Notre Dieu n’est pas seulement un Dieu de la mémoire, un Dieu qui a fait des grandes choses dans le passé et que nous nous contenterions de rappeler. Il n’est pas non plus un Dieu dont nous attendrions la venue dans un futur indéfini, ou que nous ne rencontrerions et verrions seulement après notre mort, dans la vie de l’au-delà. 

Aujourd’hui l’Esprit conduit Jésus à nous. Rien n’est plus éloigné de l’esprit de l’Evangile que 

Ce renvoi continuel à hier et surtout à demain. L’Evangile vit dans l’aujourd’hui. Et c’est bien dans l’aujourd’hui un peu gris, modeste, parfois opaque, mais mien, que se trouve la demeure de Dieu. 

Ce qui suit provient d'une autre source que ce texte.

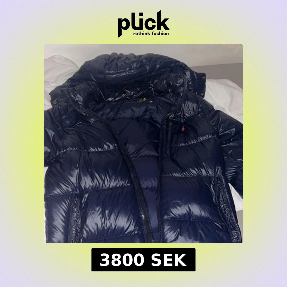 Säljer en glansig mörkblå pufferjacka från Ralph Lauren med huva och dragkedja. Jackan har en klassisk quiltad look och är perfekt för kalla dagar. Detaljerad med liten röd logga på bröstet och praktiska fickor. Snygg och stilren design som sticker ut.

Notre Dieu vit dans l’aujourd’hui. Ce n’est qu’avec cette conscience forte que nous pourrons être en mesure de vivre notre histoire quotidienne sans aliénation. 

Nous ne devons donc pas perdre le sens des choses que nous avons dans les mains. Aujourd’hui l’Esprit nous redonne une vue nouvelle, pour voir et aimer le monde avec un cœur nouveau.